Ethical AI use policy
clarifAI, qualifAI, dignifAI and medifAI
A comprehensive framework for responsible AI development and deployment
1. Introduction and Vision
clarifAI was built on the belief that medical communications can — and should — work smarter. Artificial intelligence is part of that evolution, but only when deployed responsibly, ethically, and with unwavering commitment to human welfare.
Our approach to AI is both bold and responsible — bold in rapidly innovating to improve medical communications, training, and patient support, and responsible in ensuring that every deployment prioritises safety, accuracy, fairness, and human dignity.
AI supports our work.
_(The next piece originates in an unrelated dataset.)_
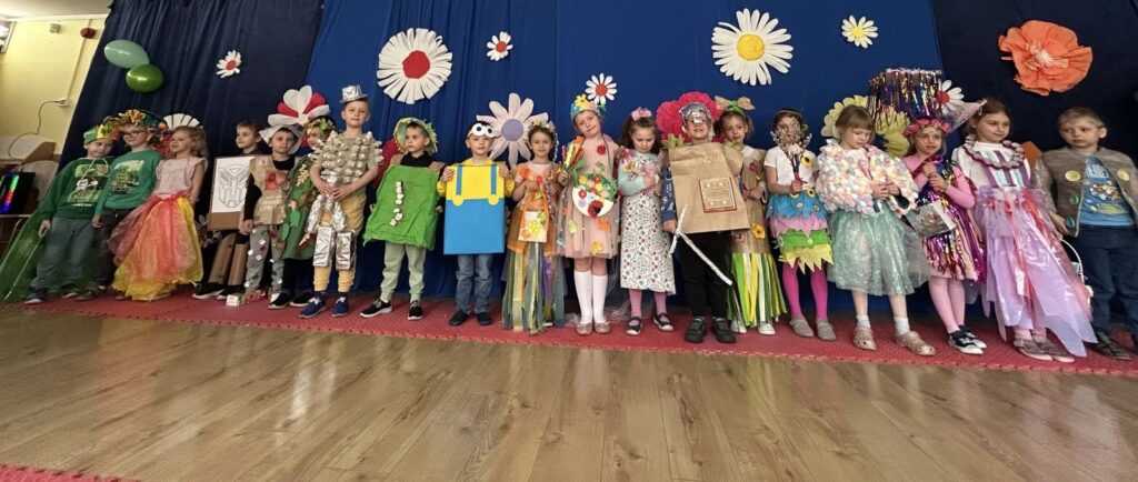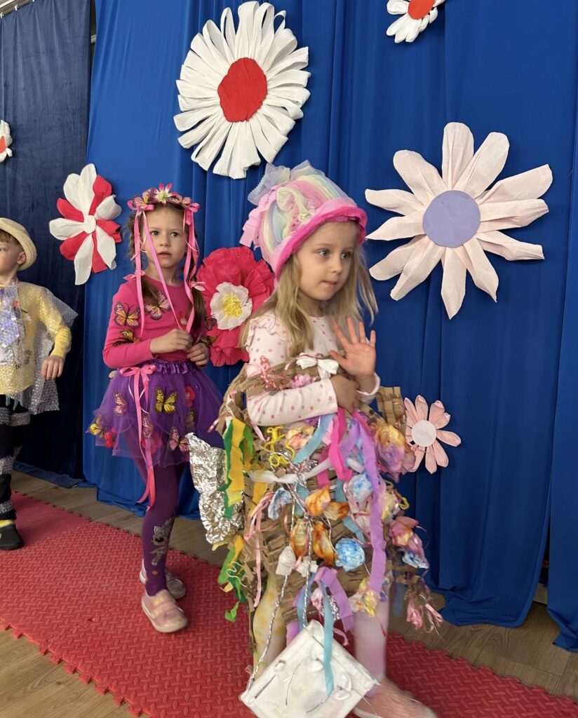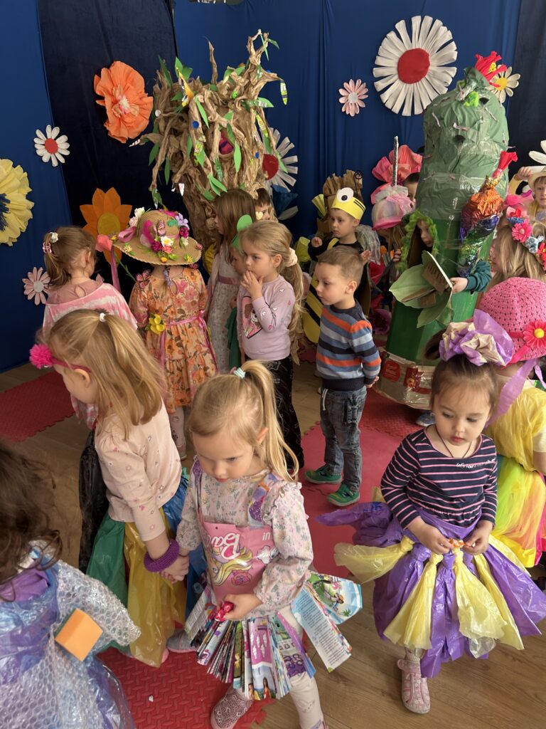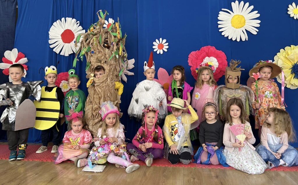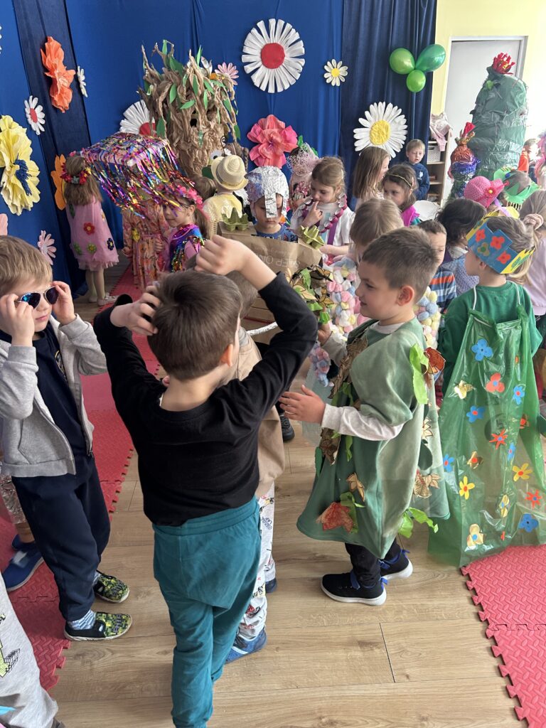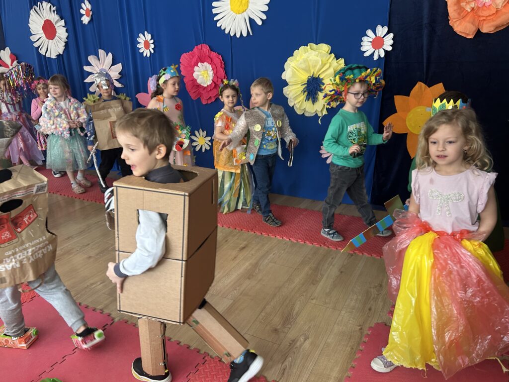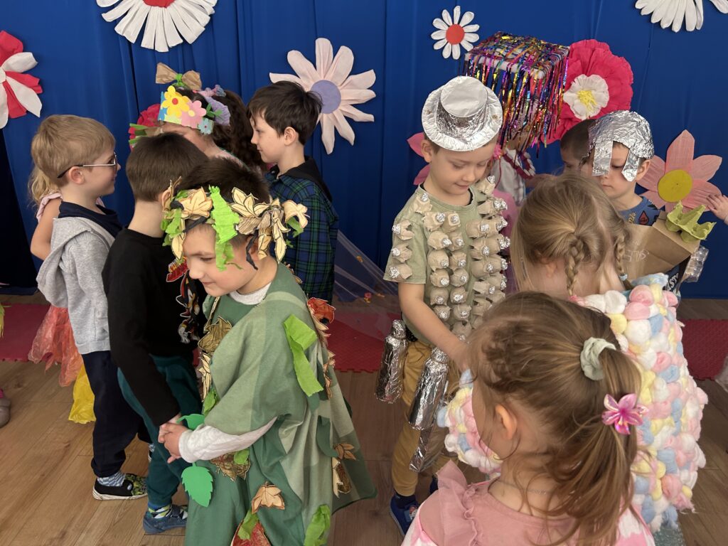Powitanie Pani Wiosny to radosne święto w naszym przedszkolu, które obejmuje wspólne śpiewanie piosenek, tańce oraz liczne wiosenne zabawy. W tym roku każde dziecko przyszło ubrane w specjalnie zaprojektowanych wraz z rodzicami strojach symbolizujących nową porę roku. Kolorowe i bardzo pomysłowe stroje wykonane zostały z różnorodnych materiałów przeznaczonych do recyklingu. Wydarzenie było świetną okazją do rozmowy o ochronie środowiska oraz w jaki sposób można wykorzystać surowce wtórne. Rewia mody pokazała jak z odrobiną wyobraźni można stworzyć coś pięknego. Dziękujemy wszystkim rodzicom za pomoc w zorganizowaniu dzisiejszej zabawy.

Humans remain accountable for it.
This policy establishes our commitment to developing and deploying AI systems that are transparent, reliable, and worthy of trust, while maximising benefits and minimising risks across all our operations.
2. Scope of Application
This policy applies comprehensively to:
clarifAI: Medical communications agency services
qualifAI: Training and professional development programmes
dignifAI: Charitable and patient-support initiatives
medifAI: AI-enabled review platform (currently in development)
All in-house staff, specialist partners, external collaborators, and technology providers
3. Core Ethical Principles
Our AI ethics framework is grounded in internationally recognised principles that guide every stage of AI development, deployment, and monitoring.
3.1 Human Oversight and Accountability
Principle: People must be accountable for AI systems. No AI output is final until validated by qualified professionals.
In Practice:
AI-generated or AI-assisted outputs must be reviewed and validated by qualified professionals before being delivered, published, or relied upon
Clear lines of accountability must be established for all AI-assisted deliverables
Human decision-making authority cannot be delegated entirely to AI systems
We maintain designated oversight roles at leadership level
3.2 Fairness and Inclusiveness
Principle: AI systems should treat all people fairly and empower everyone, regardless of background or ability.
In Practice:
We actively assess and mitigate potential bias in AI training data, algorithms, and outputs
AI systems must be designed to be inclusive for people of all abilities
We ensure fair allocation of opportunities, resources, and information
Patient-facing content undergoes enhanced fairness review
We engage diverse perspectives in AI development and testing
3.3 Reliability, Safety, and Quality
Principle: AI systems must perform reliably, safely, and consistently across different contexts.
In Practice:
AI systems undergo rigorous testing across multiple scenarios and use conditions
We implement safety measures to prevent harmful or inaccurate outputs
Regular performance monitoring and quality assurance procedures are mandatory
AI is deployed to strengthen clarity and quality, never to compromise it
Systems are stress-tested before deployment, particularly for medifAI and patient-facing applications
3.4 Privacy, Security, and Confidentiality
Principle: AI systems must be secure and respect privacy at every stage.
In Practice:
Sensitive client, regulatory, or personal data must not be entered into AI systems without appropriate contractual, technical, and security safeguards
Data handling complies with all applicable data protection legislation (GDPR, HIPAA, etc.)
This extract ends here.